Swann founded Forage about 18 months ago and hired one full-time employee, a 24-year-old growth and brand specialist with less than two years of experience, specifically because sheʼs deeply tuned into modern culture and social media. The problem was turning that intuition into a crisp business strategy and artifacts that the company could execute against.

At first, his employee used ChatGPT to tighten rough ideas and turn them into clearer strategy notes. But Swann says things shifted with Gemini 3 as AI moved from refiner to co-creator, contributing more of the strategic scaffolding and written outputs.

The most tangible example is the product requirements document PRD, a blueprint that translates a business idea into buildable instructions. Swann says a skilled PM might take 8-10 hours to do this well, but with Gemini, his junior employee can produce one in about 4-5 hours. He describes the work split evolving from roughly 70% human and 30% AI to about 40% human and 60% Gemini because the model is so good at expanding and speeding up drafts.

Practical takeaways:

  • Use the model to turn raw intuition into a structured strategy, so the founder isnʼt stuck doing constant translation or micromanagement.

  • Create reusable starters with your positioning, product definitions, what good looks like, and constraints. This makes outputs more consistent and reduces drift.

  • Pick a high-leverage deliverable PRDs, briefs, customer narratives, competitive memos). Standardize the workflow so a junior can produce v1 quickly, then iterate with a lightweight review.

  • Track cycle-time reductions (hours saved per artifact), quality revisions needed, and how much founder review time drops as the junior + AI workflow matures.

Play of the Week: Engineer Planned Unpredictability Into Your Brand

Most loyalty programs try to win repeat customers with consistency. And while consistency still matters, predictability is becoming a liability because customers get bored and copycats can replicate good faster and cheaper than ever. The brands that stay sticky create comfort and surprise, on purpose.

Donʼt chase novelty for its own sake. Instead, build a few intentional pattern-breaks into the customer experience with surprises that arenʼt random, but repeatable enough that people start anticipating them, like placing a familiar brand in an unexpected setting, adding a planned surprise beat inside an otherwise structured experience, and using unexpected collaborations to refresh how customers perceive you.

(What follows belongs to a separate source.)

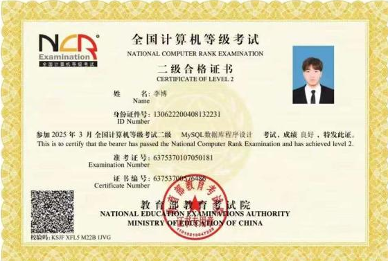 李博,男,汉族,共青团员,河北保定人,青岛黄海学院信息科学与工程学院2023级大数据技术专科3班学生,综合测试得分90.88,专业排名第一;现任心理委员,曾任2024级星光影视协会会长,荣获校级学生干部。获2025-2026年思学奖学金、2025-2026年国家奖学金、2024-2025年国家励志奖学金,全国大学生数学建模国家二等奖、全国大学生市场调查与分析大赛国家三等奖、亚太地区大学生数学建模国家三等奖、全国大学生电工数学建模国家三等奖、中国机器人及人工智能大赛山东省三等奖等奖项,累计获得国家级、省部级奖12项;考取网络与信息安全管理员高级证,MySQL数据库二级;发布1刊省级期刊论文,软件著作1项;参与2024年暑期社会实践,作为数据分析师协助跨境电商公司一年共盈利百万余元。

  • Shift your brand context: Keep your core promise but show up in a new stage (new format, new channel, new setting) to make the familiar feel fresh again.

  • Plan moments of unpredictability: Build one rotating element into a consistent experience (a surprise drop, rotating bundle, mystery perk, wildcard feature) so repeat customers have a reason to return.

  • Ally with unexpected collaborators: Partner outside your obvious category to borrow energy and reach new audiences without diluting your core.

  • Remix your icons: Keep the recognizable signals, but change one hallmark element (timing, packaging, soundtrack, spokesperson, ritual).

  • End with a kicker: Add an extra at the moment customers think the experience is over, add an unexpected upgrade, follow-up note, bonus deliverable, or small surprise that makes the purchase memorable.

If youʼre planning 2026 retention, pick one predictable customer moment like checkout, onboarding, monthly email, renewals, and delivery, then apply one of the five levers above. Loyalty compounds when customers feel safe choosing you and are curious to see what youʼll do next.

Metric Benchmark

Source: LocaliQ

Closing Note

The common thread here is restraint paired with conviction. When systems push everything toward the average, leadership becomes the act of choosing deliberately rather than following momentum. Taste must be asserted, not inferred from data. AI must be shaped by standards, not allowed to shape them. Brands must earn attention by creating moments people feel rather than flows they scroll past. The builders who stand out will not be louder or faster. They will be clearer about what they believe, where they deviate, and why that difference is worth noticing.